Activation may be due to intracellular contamination by mycoplasma (hard to see), virus or bacteria (easy to see). or by droplet of other culture cell line if several cell line manipulation Under the same Hood or work session.

Also be sure you re using a fresh aliquot and not more than 6 - 10 passages of your Raw cells. Avoid to  detach your cells by scraping after EDTA treatment, preferably use cold EDTA solution.  and be sure your watter is purified.

In addition to a microbial contamination there is also the possibility that your glass/plastic ware, media and water may contain lipopolysaccharide, which could activate your cells. Care should be taken to remove LPS from all utilities, media and water - if you are not already doing that.

Best regards

Lasse 

First, I'm unclear as to what you mean by activated?  Are you testing for TNF production or are you seeing a morphological change in the cells?

Either way, in addition to ruling out bacterial contamination (as the others have suggested), I suggest you passage your cells by scraping and not by chelating.  If you insist on using EDTA, I recommend removing the majority of EDTA from the cell suspension before you subculture.  It is very easy to deplete the free Ca2+ and Mg2+ from the culture media if there is excess EDTA around.

Finally, another source of LPS contamination is the autoclave.  If you are using autoclaved materials, you might want to try using certified non-pyrogenic versions of them. 

What do you mean by activated? RAW 264.7 look spread and "activated" as a primary macrophage might, but is indeed not activated until chemically promoted to.

Also, RAW 264.7 are meant to be passaged by scraping, not chemical dissociation.

Dear Ho,

Very good question! I suppose that you, just like me, are observing an altered morphological phenotype indicating and "activation" (although it might not be activated in the sense of protein production). We have been using these cells for quite a while and experienced this phenotype in the beginning. This is what I was recommended and which works for us: 

First, which was already mentioned, these cells appear to be very sensitive for high passages, so you should use fresh aliquots.

Second, also mentioned, the cells are not very sticky which is why EDTA or Trypsin is not necessary. Simple pipetting is sufficient in my case.
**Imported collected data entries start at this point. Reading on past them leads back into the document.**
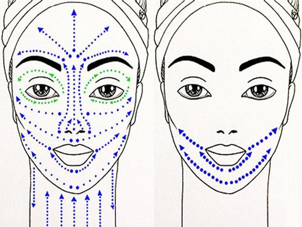 Применяется в салонах и в домашних условиях. Эффективен при отеках любой сложности, устраняет мелкие мимические морщины и постепенно разглаживает более глубокие. Суть заключается в поглаживании и надавливании на определенные лицевые участки. Каждое движение выполняется по 30 секунд обеими руками:
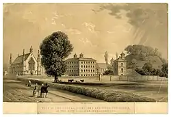 ![]() An early 19th century Lithograph showing the motte of Marlborough Castle (right) within the grounds of the newly established Marlborough College. | |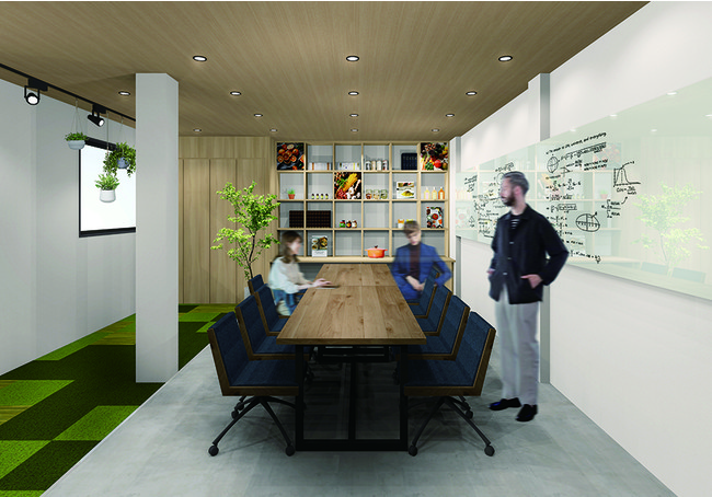 2Fは15名程度を収容できるコミュニティスペース。打ち合わせや商談、展示会、セミナーのほか、1Fのキッチンと併せて利用することで、試食や試作を伴う打ち合わせや新商品の開発などに活用いただけます。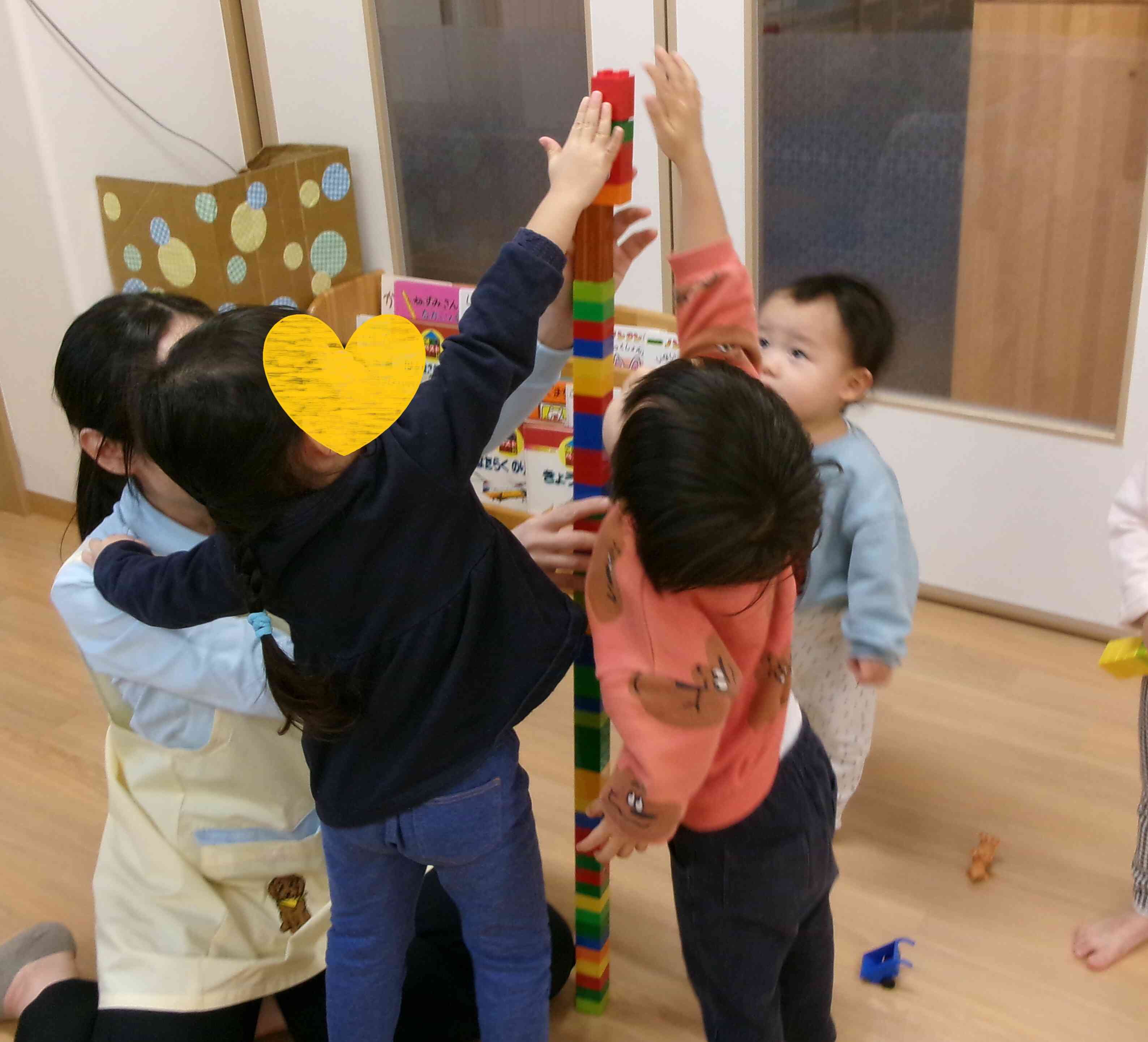 「今日はいっぱいブロックつむー!」とあそぶ前からワクワクのお友達。

Third, I was recommended by our provider to use 1% HEPES, which really seems to make the cells happier and maintain their circular morphology. Change medium frequently although the cells are not that metabolically active that the medium change color that fast.

Lastly, as indicated, make sure that your cells are not contaminated with mycoplasma for example.

Good luck with your experiments!

I suggest you to detach the cells with Basic DMEM, but not with PBS. Then digest whe trypsin contained with EDTA quickly. Like Partrik said—— these cells appear to be very sensitive for high passages, so you should use fresh aliquots.  When we found the cell morphological phenotype changed,  we recovered the fresh cells from liquid nitrogen. Maybe this would help you.

Another tip, add the 1/200 Ciprofloxacin  would work better. 

Like others have said above, I suggest:

1. Checking the endotoxin levels in your media and PBS. Are you making your own or purchasing? When we made our own, we purchased endotoxin free water.

2. Using the RAW264.7 cells at low passage numbers. We saw significant changes after about passage 20 so we would restart with a fresh vial.

I am using the same cell line, Heat inactivated FBS would make a big difference. As well, the passage number played a role.